Optionally, referring to fig. 2, fig. 2 is a second schematic structural diagram of a negative electrode sheet provided in the present invention. As shown in fig. 2, one surface of the current collector 10 is provided with a tab 40, and both surfaces of the current collector 10 are coated with a first coating layer 20 and a second coating layer 30 on a side of the first coating layer 20 away from the tab 40. That is, the negative electrode tab shown in fig. 2 includes 2 first coating layers 20 and 2 second coating layers 30.
In an alternative embodiment, tabs 40 are provided on both surfaces of current collector 10, and both representations of current collector 10 are coated with first coating 20 and second coating 30 on the side of first coating 20 away from tabs 40.
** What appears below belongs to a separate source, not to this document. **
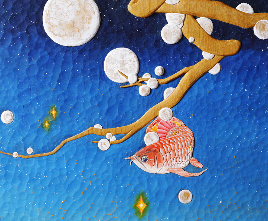 浮雕的種類很多,《漂浮島》和《歸來仍是少年》是肖楠木製作的超淺浮雕。在極淺的厚度裡,表現深遠的空間的淺浮雕,兩件作品以黃柏勳最經典的「龍魚」和「燕子」兩個元素,討論生活範圍與自由的關係。這組作品也是《自由與凝望》概念的延續。
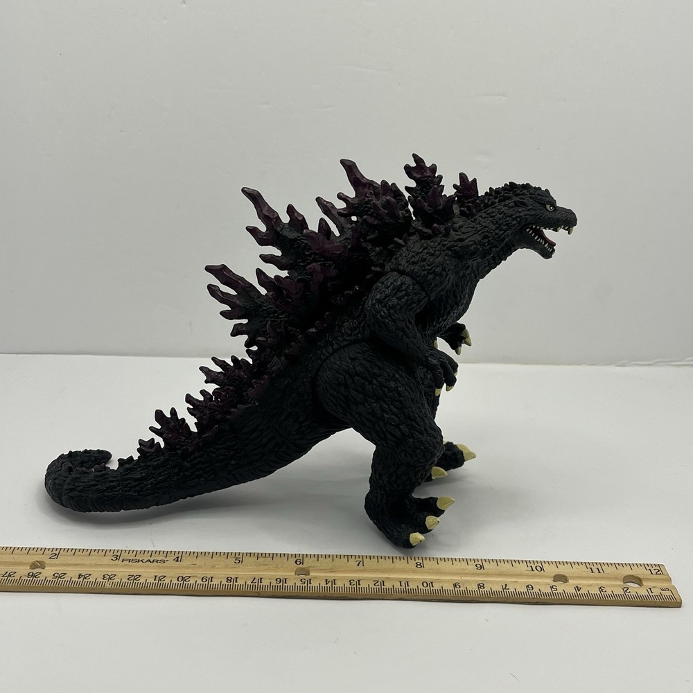 This Bandai 2007 Toho Millennium Godzilla 6" Action Figure is a must-have for any monster toy collection. With its striking purple spikes version, this figure is a great addition to the Godzilla theme. The attention to detail in this figure is remarkable, from the intricate design to the durable materials used in its construction. This Bandai figure is a fantastic representation of the iconic monster, and it will make a great gift for any fan of the Godzilla franchise. Good condition- some wear (see photos) - smoke free home

It should be understood that, in the above possible embodiments, when the tab 40 and the first coating layer 20 are simultaneously provided on one surface of the current collector 10, the tab 40 and the first coating layer 20 provided on the same surface are located on different regions of the surface.
Optionally, the current collector 10 is a copper foil.
Optionally, the first coating 20 further includes a conductive agent, a binder, and a dispersant, the target substance is 30% to 70% by mass, the conductive agent is 5% to 20% by mass, the binder is 5% to 30% by mass, and the dispersant is 5% to 30% by mass.
Optionally, the second coating 30 includes graphite, a silicon material, a conductive agent, a binder, and a dispersant, the silicon material is 3% to 20% by mass, the graphite is 70% to 94% by mass, the conductive agent is 0% to 5% by mass, the binder is 0.5% to 5% by mass, and the dispersant is 0.5% to 5% by mass.
In this embodiment, the current collector 10 is made of copper foil, and it is understood that the current collector 10 may also be made of aluminum foil or other metal materials or non-metal materials that can be used as the current collector 10, which is not limited herein.
The first coating layer 20 is made of a conductive agent, a binder, and a dispersant. The conductive agent can be conductive carbon black, the binder can be styrene butadiene rubber, and the dispersant can be carboxymethyl cellulose. It is understood that in some embodiments, the conductive agent, binder, and dispersant may be other materials, and are not particularly limited herein.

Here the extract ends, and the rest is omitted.